Now I was meaning to write something about writers. When a writer gets published for the first time, the whole scenario changes. No longer is he the reviled loser, trying to cobble up a novel, trying very hard to appear decent (though it is difficult as he doesn't have a steady job), trying to mingle with the so-called literati, caferati, whatever. In whatever circumstances he/she is working there are the often assumed lines of distinction being drawn such: can write/can't write to save his/her life. This is the bane of all writers, copywriters and technical writers included. If a majority sees you one way then you are doomed to that way for life. That's the politics of writing.
However, a transformation occurs when one gets published. The whole slam-dunk has been achieved and one needs to pontificate, act the moralist, or, the rebel as the case may be, as one is a published writer. One is asked to literary events, to speak at literary festivals, one's opinion is sought by newspapers and magazines. This can kill the writer in you and make you into another charlatan; all those one book wonders can tell you. One no longer suffers fools (aspiring writers) gladly and put on an inscrutable expression at gathering and even being nasty is excusable. After all, one is a published writer. Ain't it? Hm.

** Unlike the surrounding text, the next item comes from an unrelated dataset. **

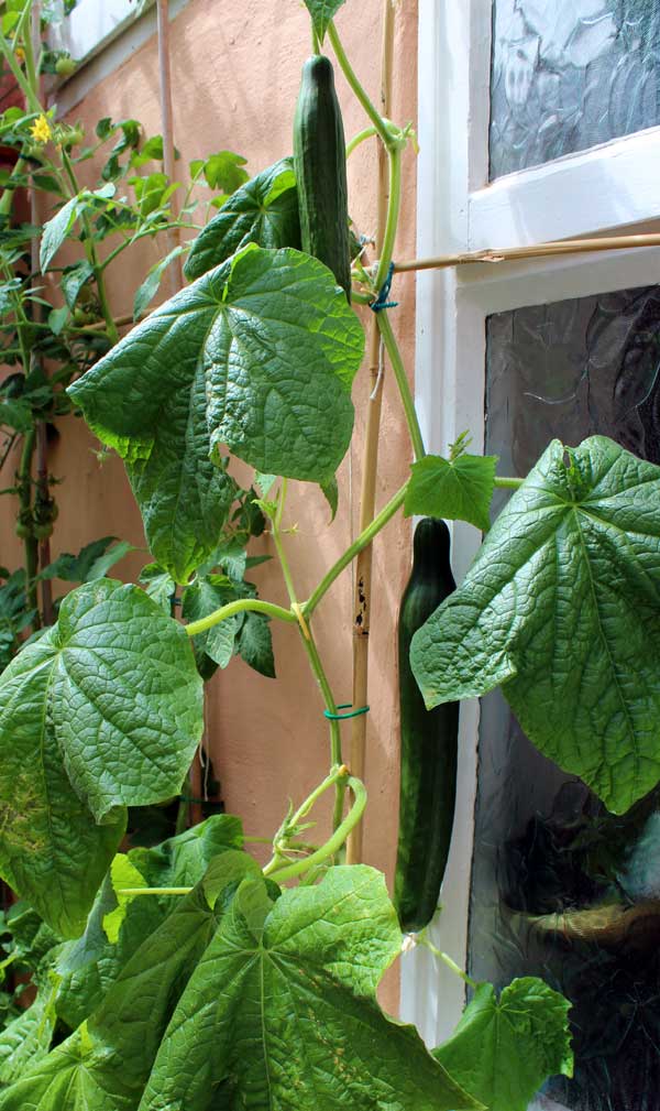 As we have not got any garden at home, any thing we plant here has to be in pots and there is very little room so we have allowed space in a glass roof ‘lean-to’ along the side of the house to grow some tomatoes and cucumbers…always a favourite in summer!

Nothing is greater than the disdain of the published writer for the unpublished (I typed non-published, which is an Indianism I should try and avoid: non-Indian, non-Malayali, non-Bengali, non-Brahmin, non, etcetera.). The published writer is all about being a winner, being somebody greater than the other writer (who can't write to save his life), who can write the next big Indian, or, world novel that will shake the world and sell millions of copies. Success can go to one's head faster than Tequila shots, and when adulation isn't coming one can go to desperate extents to get them. The haste to produce the next best-seller is so urgent that publishers put down the condition of delivering three books in a tight deadline of three years, which often stifles creativity, in fact, kills it.
Of course, when one is being feted around the world, when one offers one's sound bites on television, one can't be bothered to talk or write to a hapless struggling writer offering critique that could save his (writing) life. Writers of yore had secretaries who were writers themselves. These secretaries answered letters and brought interesting talent to the attention of the writer. These days who wants secretaries when one can type an email oneself and tweet inanities when eating noodle.
And, while I am at it, one final advise to struggling starving writers. Don't go so much after post-publishing celebrity-dom and self publish your novel. That's a trap. You will neither be called a published author nor be called to chair a session at the festival with a suffix like that. You will be condemned to eternal damnation as a self-published author.
The views, of course, are personal and not intended to hurt anybody.